Action item:
Without the pictures, output the records below exactly as they are.

[[ Material for the task, beginning ]]

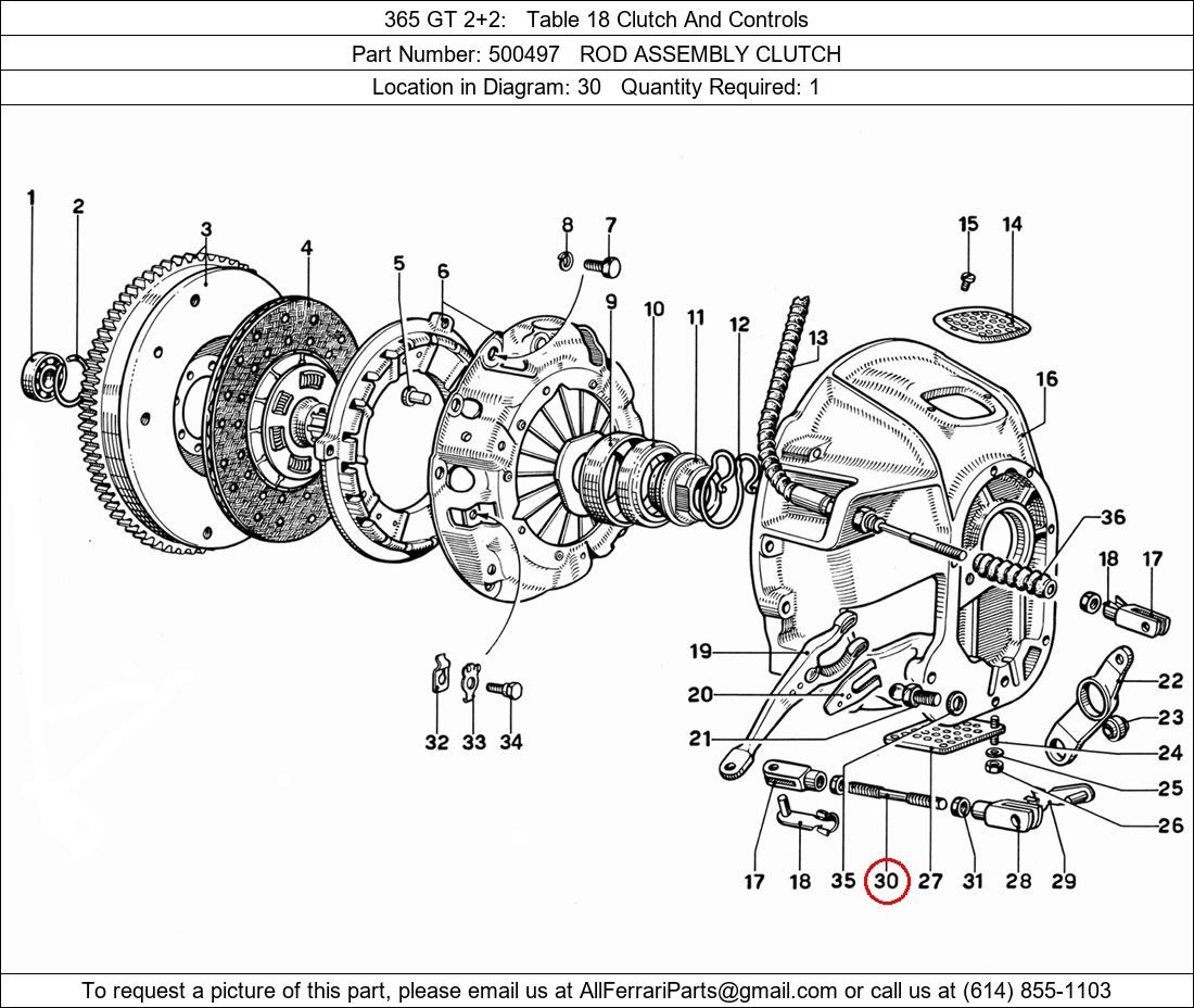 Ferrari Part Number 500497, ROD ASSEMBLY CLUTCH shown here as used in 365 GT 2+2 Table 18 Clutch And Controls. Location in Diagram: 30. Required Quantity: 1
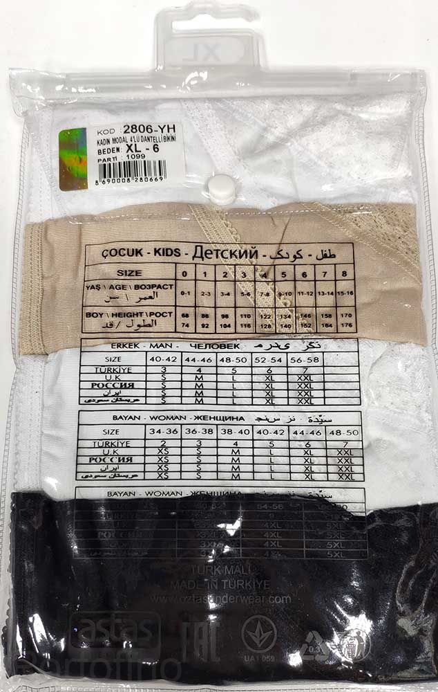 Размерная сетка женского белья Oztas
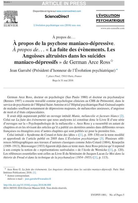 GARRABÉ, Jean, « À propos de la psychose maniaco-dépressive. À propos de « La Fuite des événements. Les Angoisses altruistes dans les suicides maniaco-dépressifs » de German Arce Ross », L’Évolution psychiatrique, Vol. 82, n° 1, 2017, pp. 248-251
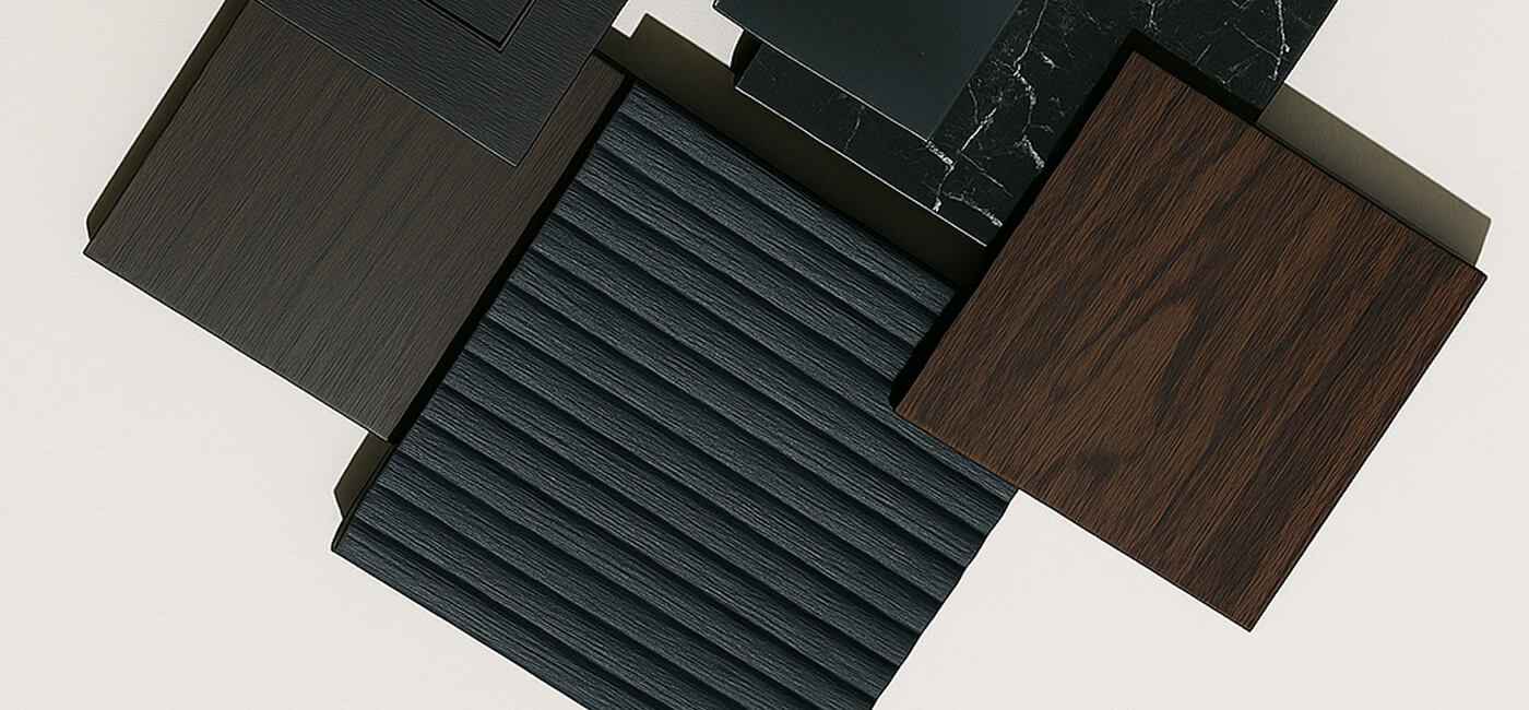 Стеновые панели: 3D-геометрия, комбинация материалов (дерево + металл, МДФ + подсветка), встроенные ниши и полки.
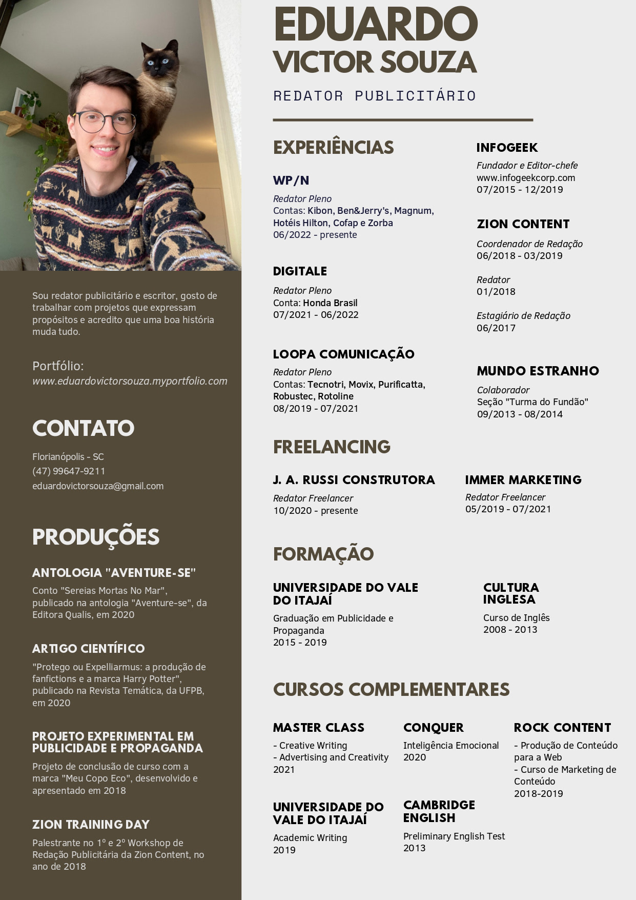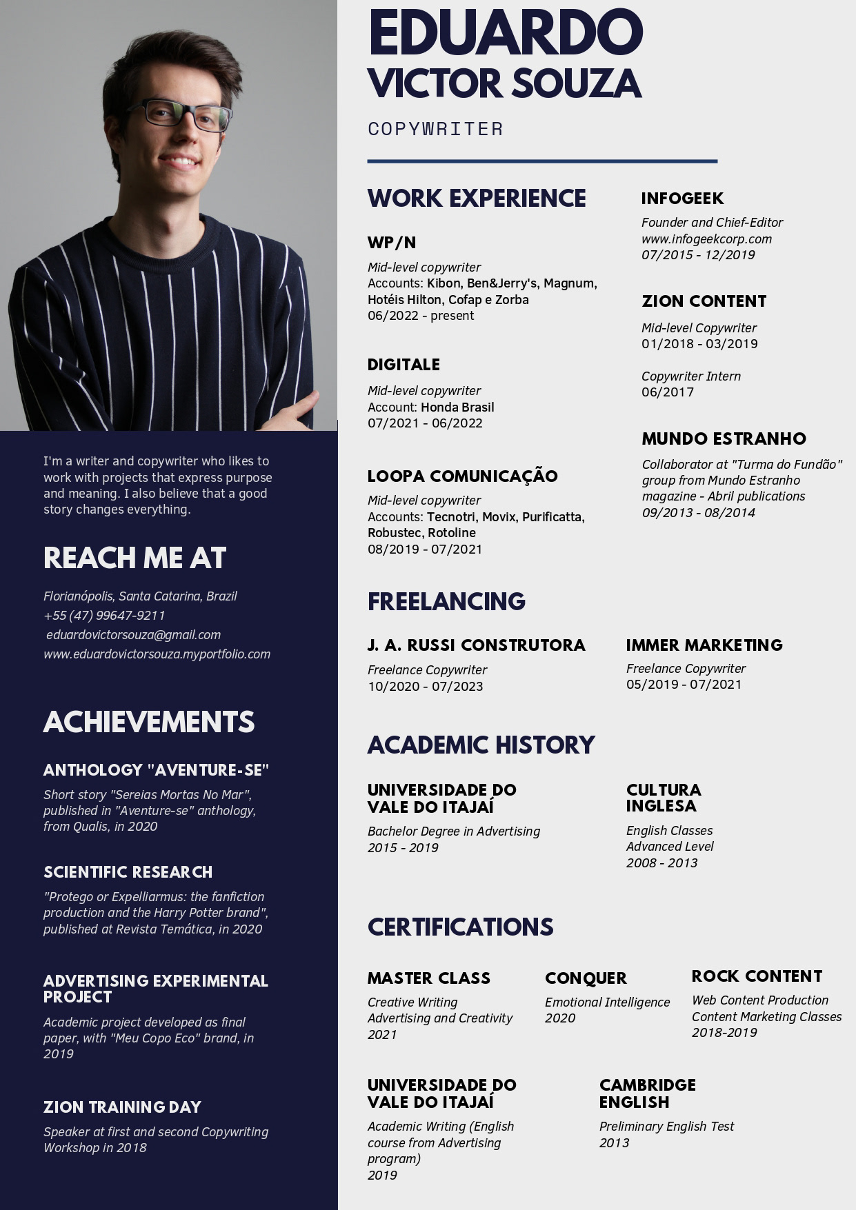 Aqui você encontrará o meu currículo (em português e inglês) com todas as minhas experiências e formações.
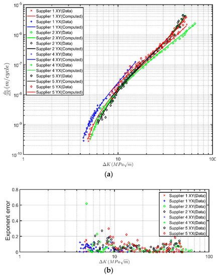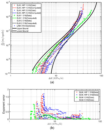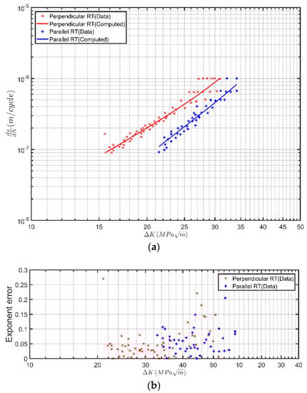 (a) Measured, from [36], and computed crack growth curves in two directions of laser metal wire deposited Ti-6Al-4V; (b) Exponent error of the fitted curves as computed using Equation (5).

[[ Material for the task, end ]]

Your response:
 Ferrari Part Number 500497, ROD ASSEMBLY CLUTCH shown here as used in 365 GT 2+2 Table 18 Clutch And Controls. Location in Diagram: 30. Required Quantity: 1
 Размерная сетка женского белья Oztas
 GARRABÉ, Jean, « À propos de la psychose maniaco-dépressive. À propos de « La Fuite des événements. Les Angoisses altruistes dans les suicides maniaco-dépressifs » de German Arce Ross », L’Évolution psychiatrique, Vol. 82, n° 1, 2017, pp. 248-251
 Стеновые панели: 3D-геометрия, комбинация материалов (дерево + металл, МДФ + подсветка), встроенные ниши и полки.
 Aqui você encontrará o meu currículo (em português e inglês) com todas as minhas experiências e formações.
 (a) Measured, from [36], and computed crack growth curves in two directions of laser metal wire deposited Ti-6Al-4V; (b) Exponent error of the fitted curves as computed using Equation (5).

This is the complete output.